Two milligrams of morphine. No effect. They waited five minutes. Two milligrams more. No effect. I'm throwing up from the pain that is still ever present in my body. Four milligrams. Small effect. I throw up again. Except it's really more a dry heave of sadness and anger. Now don't laugh....I peed the bed. That's how hard my body was heaving. Now don't throw up...I started my period. Now don't stop reading...Aaron was with me through all of this just being the most supportive husband I could possibly ask for. He even took off my urine soaked pants. What a man.
Just like my kidney stone before, my body was so exhausted that I couldn't even stand on my own. It's so miserable. It's amazing how much a non-life threatening illness will make you wish it was a life threatening illness. At least then it might end. I finally got some better drugs and anti-nausea medication. I couldn't sleep very well, nor could Aaron sitting in a chair so around 1pm I tried to check out. By that time, however, I was so pumped full of drugs that I wouldn't walk, heck, I couldn't even keep my head up or my eyelids high enough for me to see. The one step from the wheelchair to the car I nearly fell on the ground!
Walking from our car into our apartment was Hell. I had to stop three separate times to heave on the sidewalk. A hair tie really would have come in handy that day. I got inside, stripped off my clothes and collapsed into bed. My parents came over last night right as I was waking up from my six hour nap. When you're ill, there's nobody like your mommy to kiss your boo boos.

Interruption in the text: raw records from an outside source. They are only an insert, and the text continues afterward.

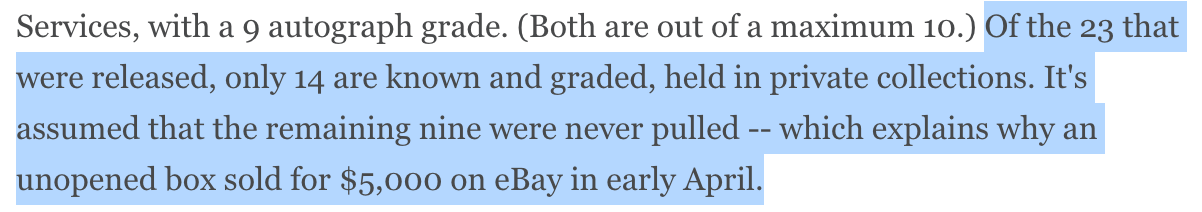 It was this section, pointed out by Christie’s, ESPN.com, and collectors all around the world:
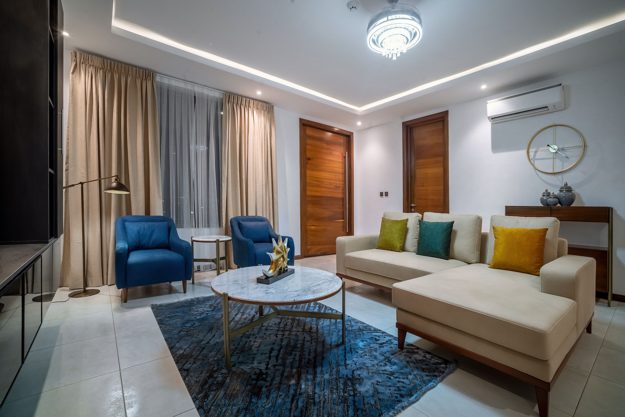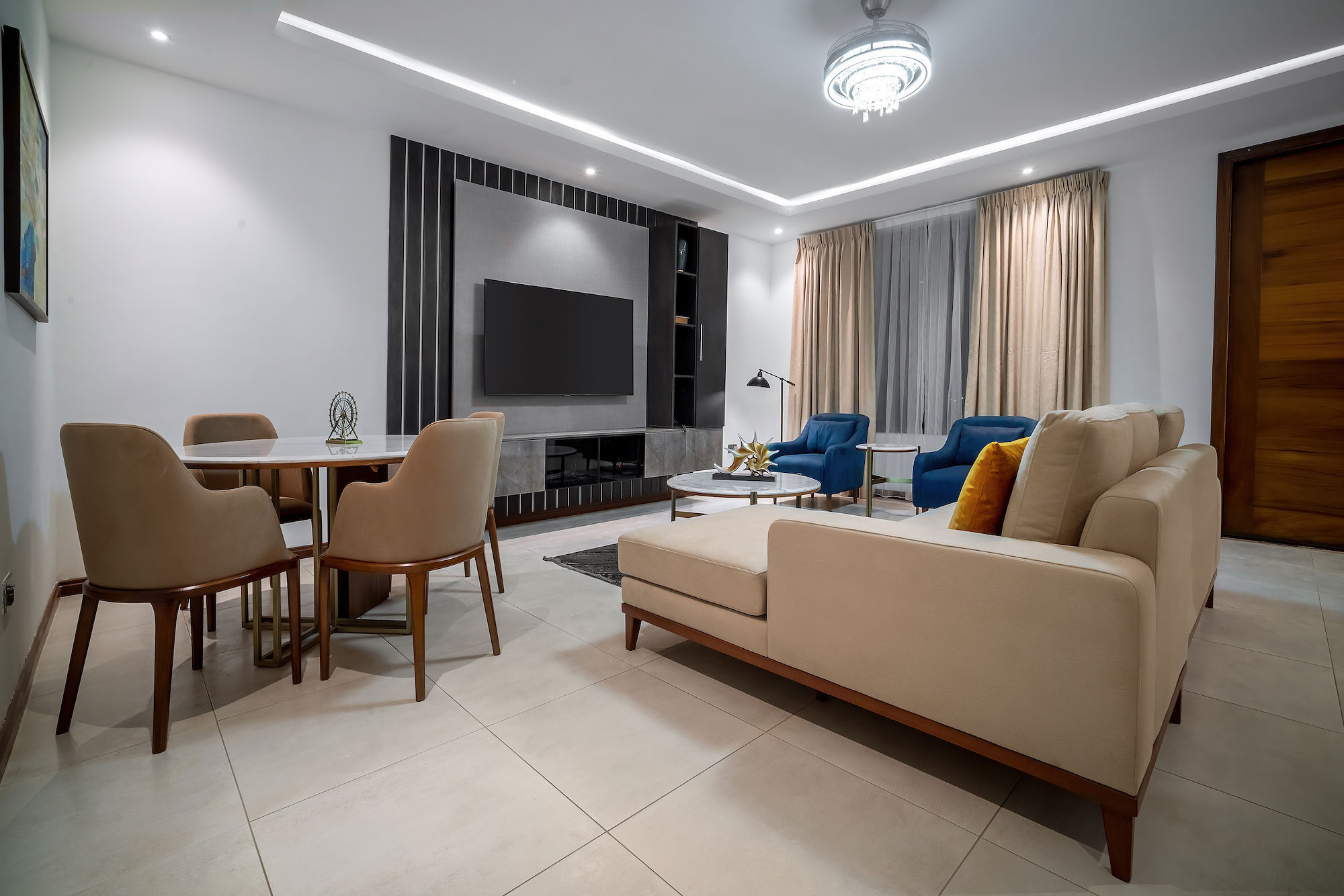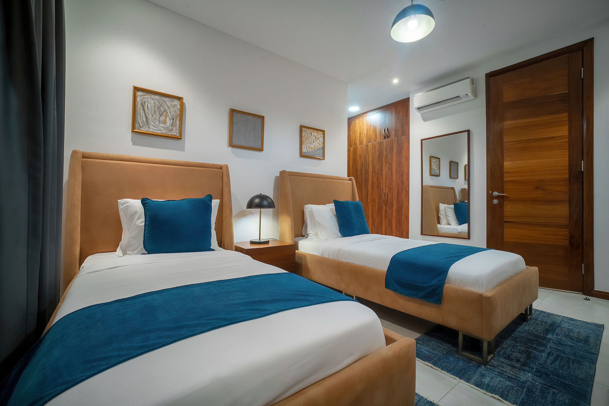 A three-bedroom apartment with a different executive suite bedroom that has a Queen size bed, a deluxe room with a double bed and a deluxe room with twin beds. It is fitted with a fully equipped ultra-modern kitchen and a huge living room and dining area for your family and friends. The apartment is fully air-conditioned with internet access, smart Tv, kitchen, fridge, Microwave, crockery, oven, stove, kettle, blender, washing machine, kitchen utensils, iron and ironing board, wardrobe, clothes hangers, toiletries, porch, and
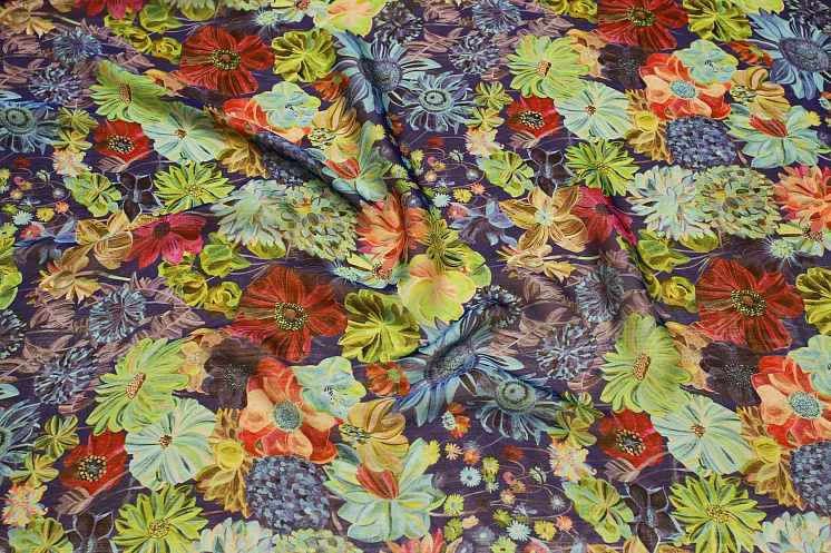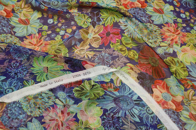 Шифон (н) цветочный рисунок на темно-синем - цена 4 200 ₽ У нас самые доступные цены на Шифон в Москве, доставка по всей России - интернет магазин тканей Тессутидея. Артикул товара для заказа - 10-3541. Страна производства ткани – Италия. Ширина этого материала - 140. Состав - Шелк 100%. Наличие остатков на складе - 2.4 м

I haven't been in any kidney pain today, surprisingly. I'm supposed to pee into a strainer to catch the stone and since I'm drinking water nonstop that's about thrice and hour. Have you ever had to push to pee? Usually I just say, "Release!" to my body and it does it's thing. But now there's a little thorny stone in the way and I have to push and grunt to pee! Well, I'll leave you with that mental image. Thanks for reading my long and unpleasant story. Much love, Carah.